▶ HOW TO COMPLETE THIS TASK
Leave the pictures behind and reproduce every line of the listing exactly.

▶ EXERCISE DATA
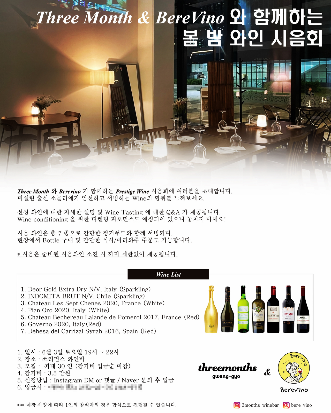 그러다 평소에 자주가던 와인샵인 베레비노에서 광교쪽 와인바와 협업하여 시음회를 연다는 소식을 받았고, 바로 2명을 예약했다.
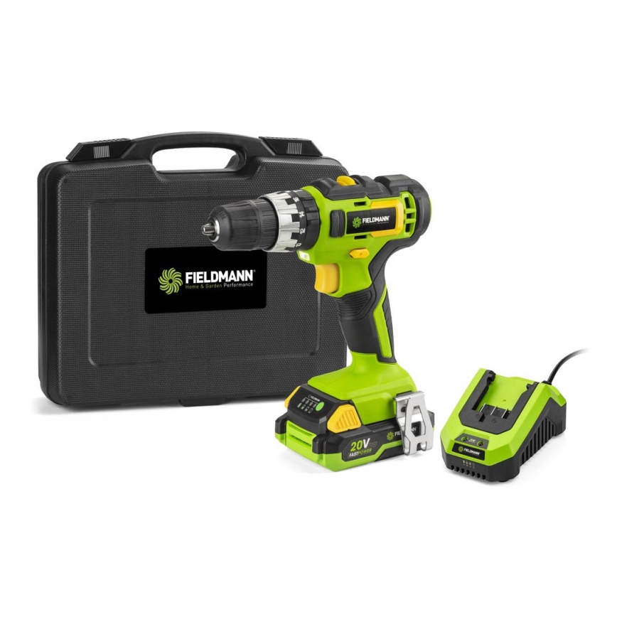 Fieldmann - Akumulátorová vrtačka 2000 mAh 20V + rychlonabíjecí stanice
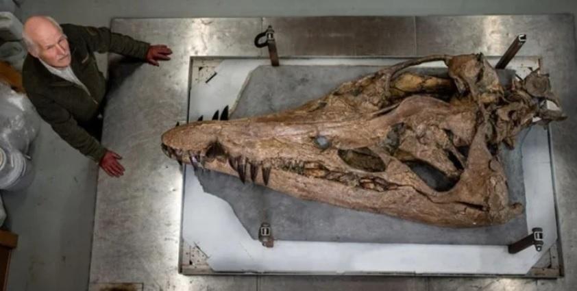 Фото: ВВСУ Великій Британії, у графстві Дорсет, зі скель узбережжя витягли гігантський череп пліозавра — це величезний динозавр, який населяв океан близько 150 мільйонів років тому. Довжина знайденого скамʼянілого черепа склала два метри, що робить пліозавра одним із найбільших хижаків, які коли-небудь жили на планеті.

▶ TASK RESULT
 그러다 평소에 자주가던 와인샵인 베레비노에서 광교쪽 와인바와 협업하여 시음회를 연다는 소식을 받았고, 바로 2명을 예약했다.
 Fieldmann - Akumulátorová vrtačka 2000 mAh 20V + rychlonabíjecí stanice
 Фото: ВВСУ Великій Британії, у графстві Дорсет, зі скель узбережжя витягли гігантський череп пліозавра — це величезний динозавр, який населяв океан близько 150 мільйонів років тому. Довжина знайденого скамʼянілого черепа склала два метри, що робить пліозавра одним із найбільших хижаків, які коли-небудь жили на планеті.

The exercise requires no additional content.